Having a Girl Scout means lots of cookies around our house in February. I was excited about Girl Scout cookie season until we became buried under a leaning tower of leftover boxes of cookies. And…drumroll…I was getting sick of them! Impossible. After one last plea to my weary Facebook crowd to please take them away from me, (there has to be someone that has not OD’d yet) I decided maybe it’s time to try a recipe that calls for a few (hundred). I could do this with my daughter who loves to be the little helper and sometimes sous chef when we get crazy making something in the kitchen. My favorite cookies are the Thin Mints (duh) and Tagalongs (peanut butter baby!) Here are some yummy sounding recipes for both. Side note: something I never knew was that Girl Scout troops used to bake the cookies that they sold. They offer the original recipe here. Vintage Girl Scouts, who knew?
Chocolate Peanut Butter Pie (you can keep your Facebook friends)
Prep Time: 25 minutes
Cook Time: 4 hours
Total Time: 4 hours, 25 minutes
• 1-1/3 cups Tagalongs®/ Peanut Butter Patties®, crushed
• 5 tablespoons butter, melted
• 1 package (3-1/2 ounce) vanilla pudding
• 1-1/2 cups milk
• 1/3 cup peanut butter, creamy or crunchy
Early in the day combine crumbs and butter. Press into a 9-inch pie plate. Combine pudding and milk. Stir in peanut butter. Pour into pie shell. Keep in the refrigerator until ready to serve.

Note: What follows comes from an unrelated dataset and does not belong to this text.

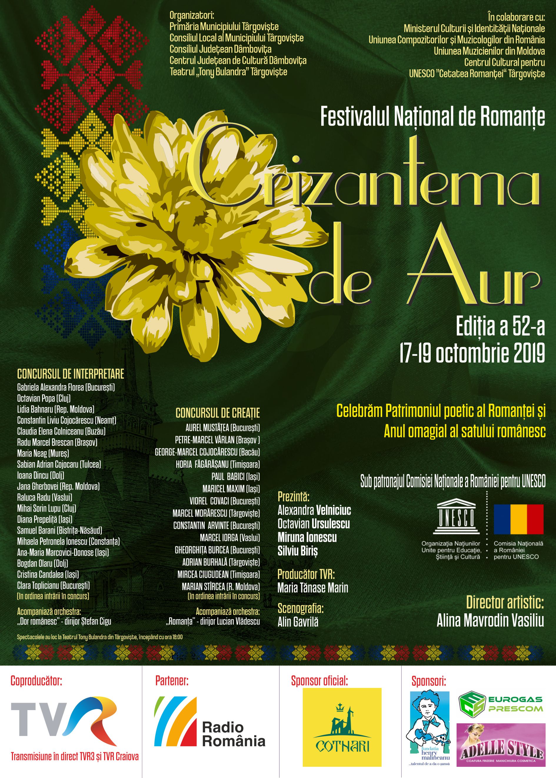În perioada 17-19 octombrie 2019, se desfăşoară în municipiul Târgovişte, sub patronajul Comisiei Naţionale a României pentru UNESCO, ediţia LII a Festivalului Naţional de Interpretare şi Creaţie a Romanţei „Crizantema de aur”.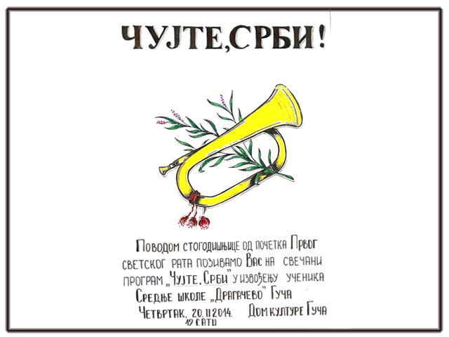 Средња школа „Драгачево“ је у четвртак 20. фебруара 2014. у Дому културе у Гучи програмом „Чујте, Срби!“ отпочела обележавање прославе стогодишњице од почетка Првог светског рата. У програму су учествовали велики број наших ученика, хор и рецитатори.

Grasshopper Pie (because I like pie)
Prep Time: 8 minutes + freezing
• 2 packages (3 ounces each) cream cheese, softened
• 1 can (14 ounces) sweetened condensed milk
• 15 drops green food coloring
• 24 chocolate-covered mint cookies, divided
• 2 cups whipped topping
• 1 chocolate crumb crust (9 inches)
In a large bowl, beat the cream cheese until fluffy. Gradually beat in milk until smooth. Beat in the food coloring. Coarsely crush 16 cookies; stir into the cream cheese mixture. Fold in whipped topping. Spoon into the crust. Cover and freeze overnight. Remove from the freezer 15 minutes before serving. Garnish with remaining cookies. Yield: 8 servings.
Cookie Milkshake (because everything is better blended, with salt…no wait, that’s a margarita)
You can use any leftover Girl Scout Cookies to make this milkshake.
Prep Time: 20 minutes
Total Time: 20 minutes
• 2 cups ice cream, any flavor
•1 cup milk
•4-8 cookies, depends on type chosen
Blend ice cream and milk. Add cookies. Blend until smooth.